We will explore a variety of use cases, from basic “chat” interactions to more advanced applications, including information retrieval and summarization and high-throughput automation. Along the way, we will learn about how LLMs and related technologies actually work, which will help you make well-informed decisions about how to best use them for your research.
Ultimately, this workshop will put you in the driver’s seat: you will be able to decide which models are most appropriate and how to use them, all while ensuring that you remain in full control of your data and results and in compliance with research security requirements.
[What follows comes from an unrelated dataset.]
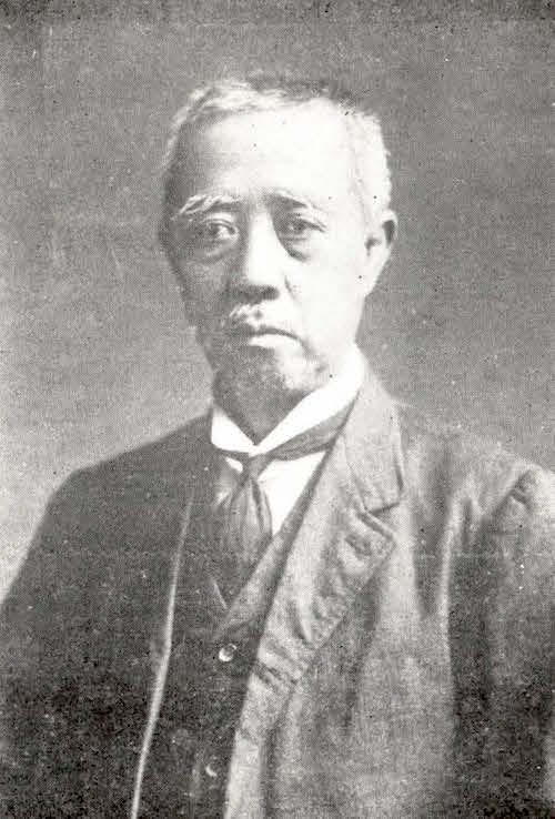 Ang I-lam

There are no prerequisites for the first day of the workshop when we will cover introductory concepts and graphical user interfaces, but there are prerequisites for the second day when we will cover automating LLM queries. You may attend only the first day if you wish. If you attend the second day as well, the prerequisites are:
- A basic understanding of Python.
- An understanding of file system organization and file paths.
- Basic command-line skills. E.g., know how to use
ls,cd, and run programs from the command line.
Tutorial setup instructions
Steps to prepare for the tutorial:
Day 1
- Login to Atlas Open OnDemand at https://atlas-ood.hpc.msstate.edu/. For more information on login procedures for web-based SCINet access, see the SCINet access user guide.
- Open a command-line session by clicking on “Clusters” -> “Atlas Shell Access” on the top menu. This will open a new tab with a command-line session on Atlas’s login node.
- Request resources on a compute node by running the following command:
srun -A scinet_workshop2 -t 00:30:00 -n 1 --mem 8G --pty bash- For those accessing post-workshop: Change
-A scinet_workshop2to your own project account. For additional information, see our SLURM guide.
- For those accessing post-workshop: Change
- Create your workshop working directory and copy the tutorial materials into it by running the following commands. Note: you do not have to edit the commands with your username as it will be determined by the
$USERvariable.mkdir -p /90daydata/shared/$USER/llms_on_scinet cd /90daydata/shared/$USER/llms_on_scinet cp /project/scinet_workshop2/llms_on_scinet/coding_assistance_jupyterlab.ipynb . - Setup the kernel for JupyterLab. You will create a kernel called venv_llms to access from JupyterLab Server. Run the following commands to activate the workshop’s virtual environment and create a new kernelspec from it:
source /project/scinet_workshop2/llms_on_scinet/venv_llms/bin/activate ipython kernel install --name "venv_llms" --user - Stop the interactive job on the compute node by running the command:
exit - Launch a JupyterLab Server – AI Workshop session. Under the Interactive Apps menu, select JupyterLab Server – AI Workshop.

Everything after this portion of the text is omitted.